### Your assignment
Exactly as they appear below, repeat the lines from the one with "In the village" through the one with "コースは100mで途中に傾斜". Drop every picture.

Extracted records
[Start of Attachment]
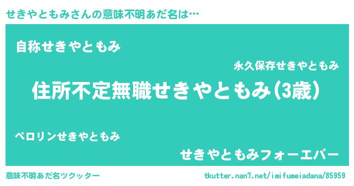 | 欧米人風あだ名 | 『せきやともみ・ステッグマイヤー』 |
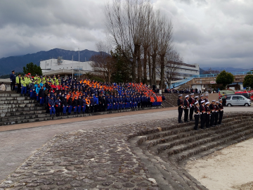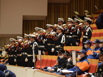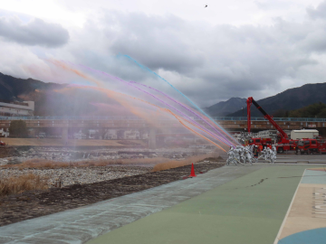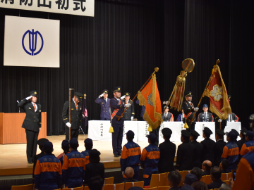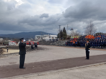当日は朝から強風が吹く中、また午後からは小雪がちらつく中でしたが、盛大に挙行されました。当日は一斉放水が久しぶりに行われ、各分団が彩り鮮やかな放水を行いました。
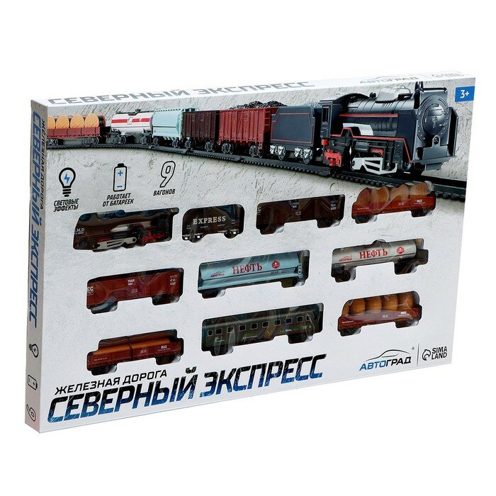 --- Железная дорога "Товарный поезд", с 9 вагонами, работает от батареек, свет
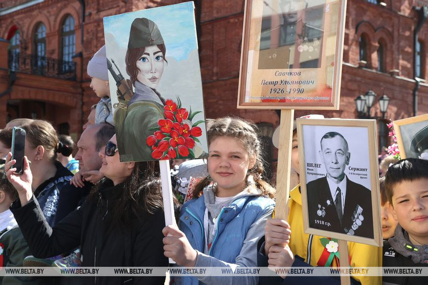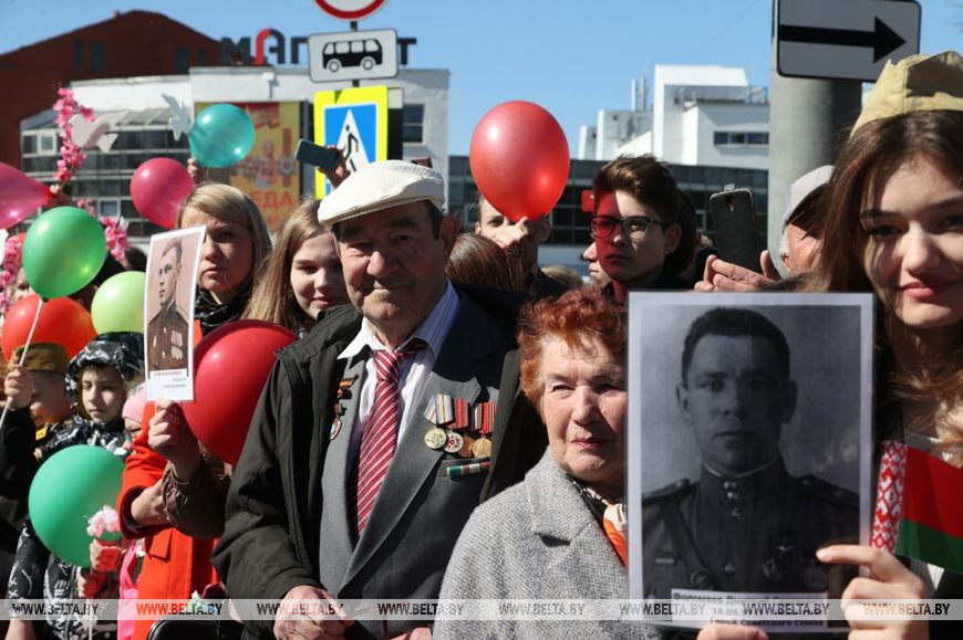 "День Победы - необыкновенно важный и удивительный праздник, который нужен людям. Они должны понимать, что родная страна - самая любимая и самая хорошая, ее нужно защищать и уметь за нее постоять, - сказала Татьяна Ларина. - Сегодня на праздник я пришла с портретом в руках: это брат моей бабушки Миша. В 16 лет он ушел в партизанский отряд, там и погиб. Более 70 лет родственники искали его могилу и даже не знали, где он похоронен. А потом благодаря тому, что появились сайты с документами, мы узнали, что его могила находится в 70 км от дома в деревне Ухлясть Быховского района. И сегодня этот мальчик впервые пришел на парад".
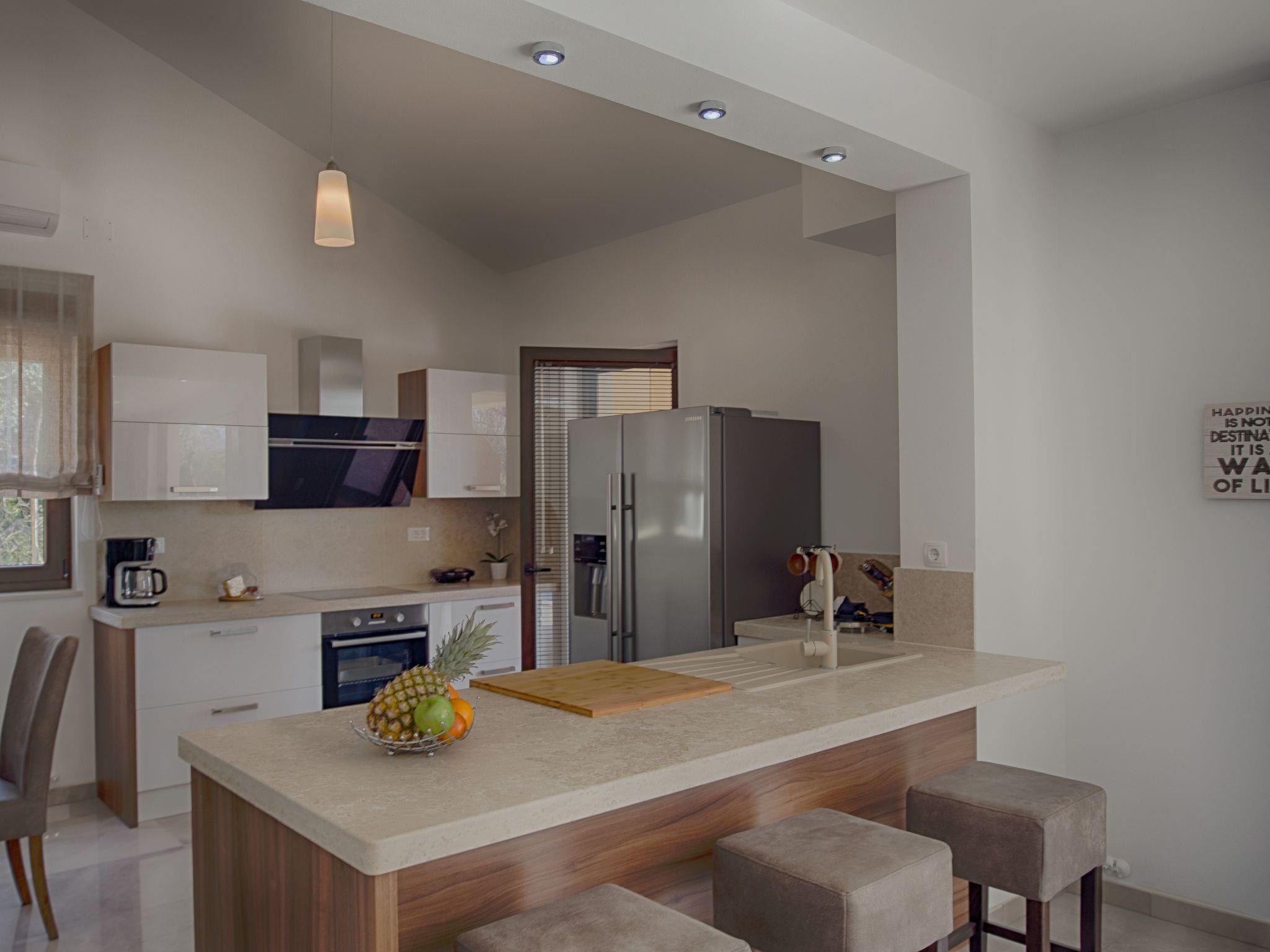 In the village of Pinezici on the island of Krk, 500 meters from the sea and beach, is the newly built Villa Laura. This villa is 140 m2 and includes three bedrooms.
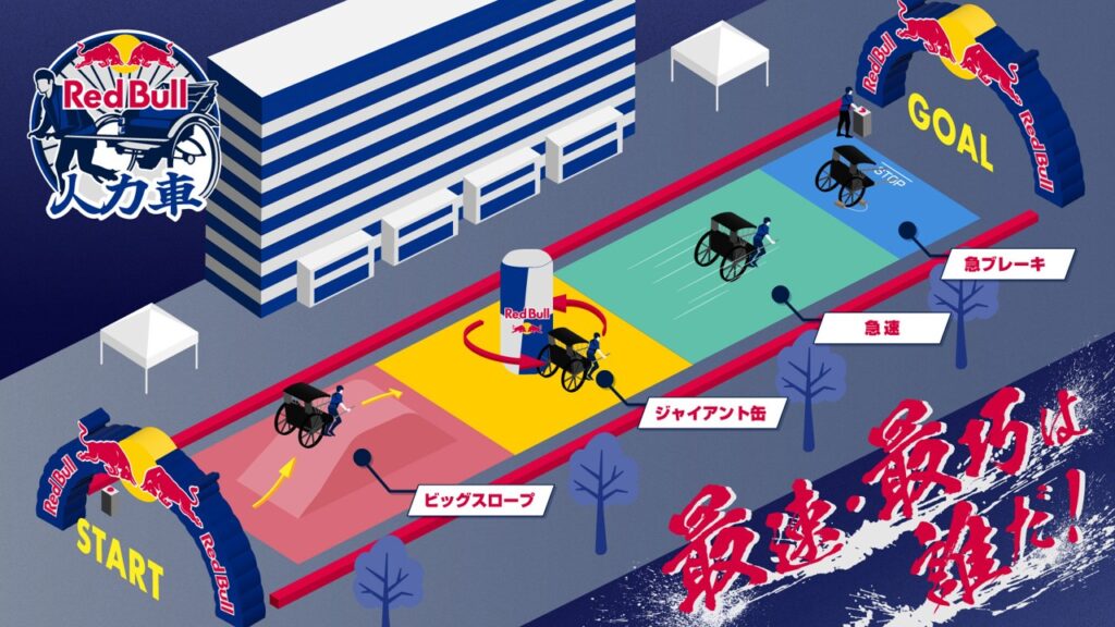 コースは100mで途中に傾斜があるビッグスロープ、巨大レッドブルオブジェを回るジャイアント缶、急加速・急ブレーキが必要なゾーンなどレッドブルならではの仕掛けがほどこされたコースで、イベントが盛り上がること間違いなし!
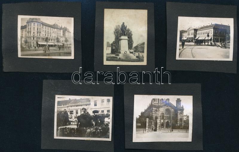 Beschreibung: cca 1930 Debrecen, neológ zsinagóga, piac ruhaárussal, városháza, Arany Bika Szálló, Csokonai-szobor, 5 db kisméretű fotó, 3×4 cm
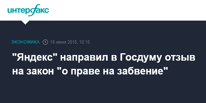 Москва. 15 июня. INTERFAX.RU - "Яндекс" отправил в комитет Госдумы по информполитике отзыв на поправки к закону "Об информации", Гражданскому и Гражданскому процессуальному кодексам - на так называемый закон о "праве на забвение". Об этом сообщает в понедельник "Коммерсант".
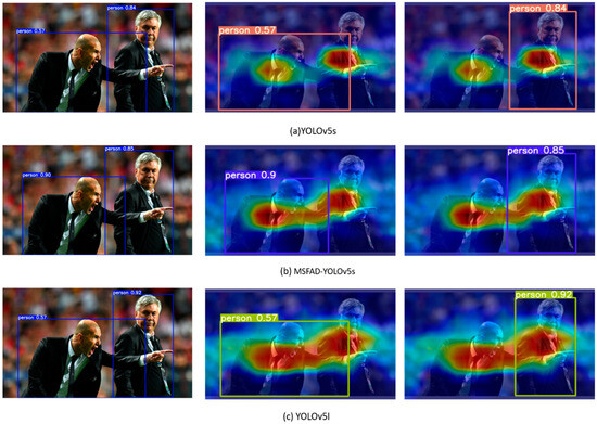 To verify the actual performance of the student detector distilled using the MSFAD method, the detection performances of the models were compared before and after distillation. Heat maps of the detected regions visualized with the use of gradient-weighted class activation mapping (Grad-CAM) [44] are shown in Figure 7. The images in the left column demonstrate the inference results of each model, showing that MSFAD-YOLOv5s distilled by the MSFAD method showed substantially higher detection accuracy than that of the detector before distillation, with the detection accuracy of the person on the left in the images even exceeding that of the teacher detector. The images in the right column display the target regions to which the detector paid attention, demonstrating that the regions of interest of MSFAD-YOLOv5s after distillation were highly similar to those of the teacher network. Relative to the detector before distillation, the target regions to which MSFAD-YOLOv5s paid attention are more precise in position and darker in color. Those results indicate that the MSFAD method can help the student detector accurately identify the features of target categories, leading to higher detection accuracy.
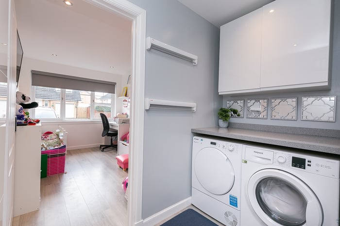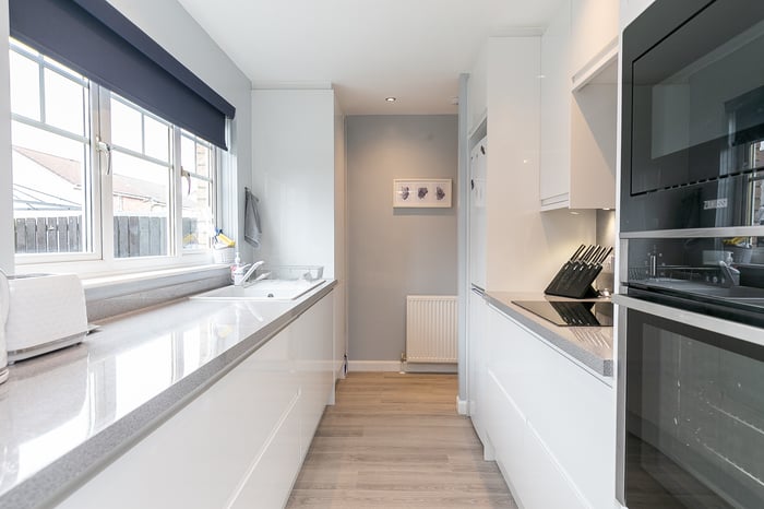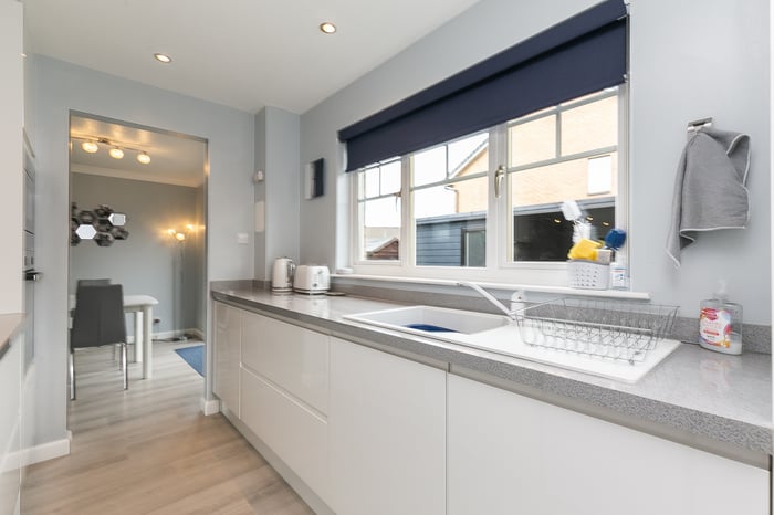 Set off the dining area, a bright and modern kitchen includes gemstone-style worktops with matching upstands, a sink with drainer; and an integrated dishwasher, oven, microwave and induction hob. Continuing from the kitchen is an inner hall giving access to an external side-aspect door, a built-in store cupboard, and to a utility area.
[End of Attachment]
### Response for this exercise
 In the village of Pinezici on the island of Krk, 500 meters from the sea and beach, is the newly built Villa Laura. This villa is 140 m2 and includes three bedrooms.
 コースは100mで途中に傾斜があるビッグスロープ、巨大レッドブルオブジェを回るジャイアント缶、急加速・急ブレーキが必要なゾーンなどレッドブルならではの仕掛けがほどこされたコースで、イベントが盛り上がること間違いなし!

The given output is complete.